Top of Collected data

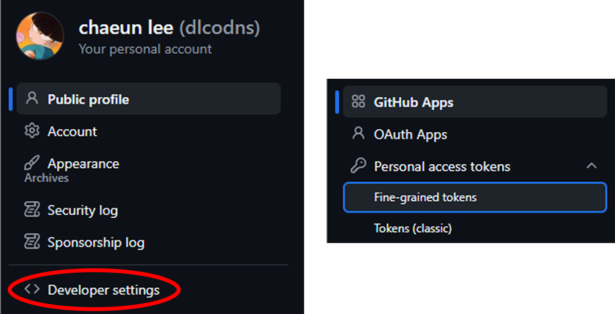 3. Personal access tokens의 Fine-grained tokens를 들어간다.
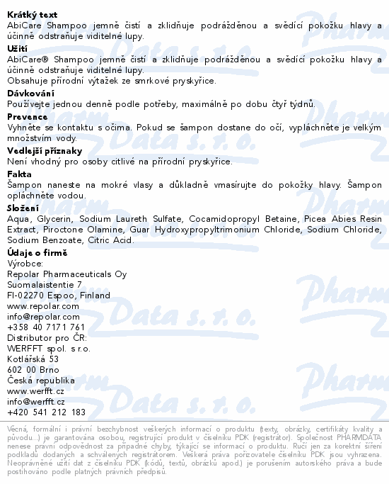 AbiCare Shampoo jemně čistí a zklidňuje podrážděnou a svědící pokožku hlavy a účinně odstraňuje viditelné lupy.
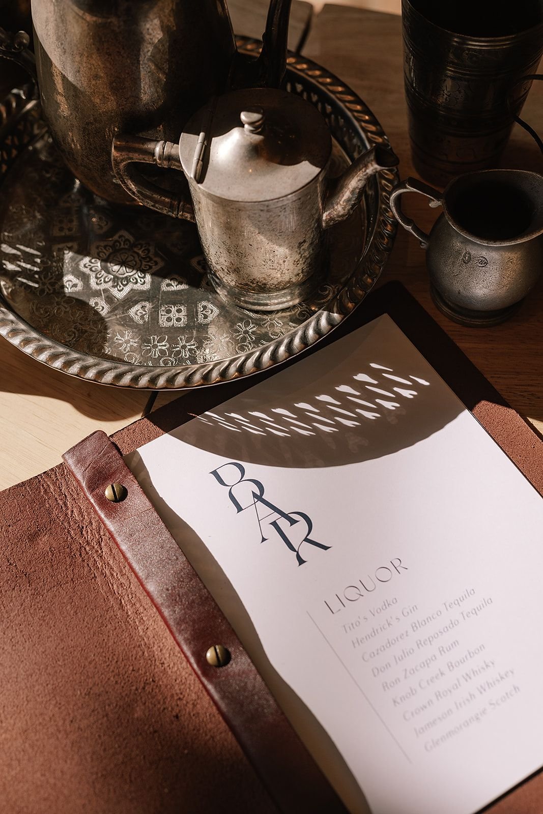 Marrakesh bar menu is inserted into a leather cover pressed with a custom logo.

Bottom of Collected data

- **What you have to do**
For this task, give the full listing again verbatim and keep out every picture.

- **Answer below**
 3. Personal access tokens의 Fine-grained tokens를 들어간다.
 AbiCare Shampoo jemně čistí a zklidňuje podrážděnou a svědící pokožku hlavy a účinně odstraňuje viditelné lupy.
 Marrakesh bar menu is inserted into a leather cover pressed with a custom logo.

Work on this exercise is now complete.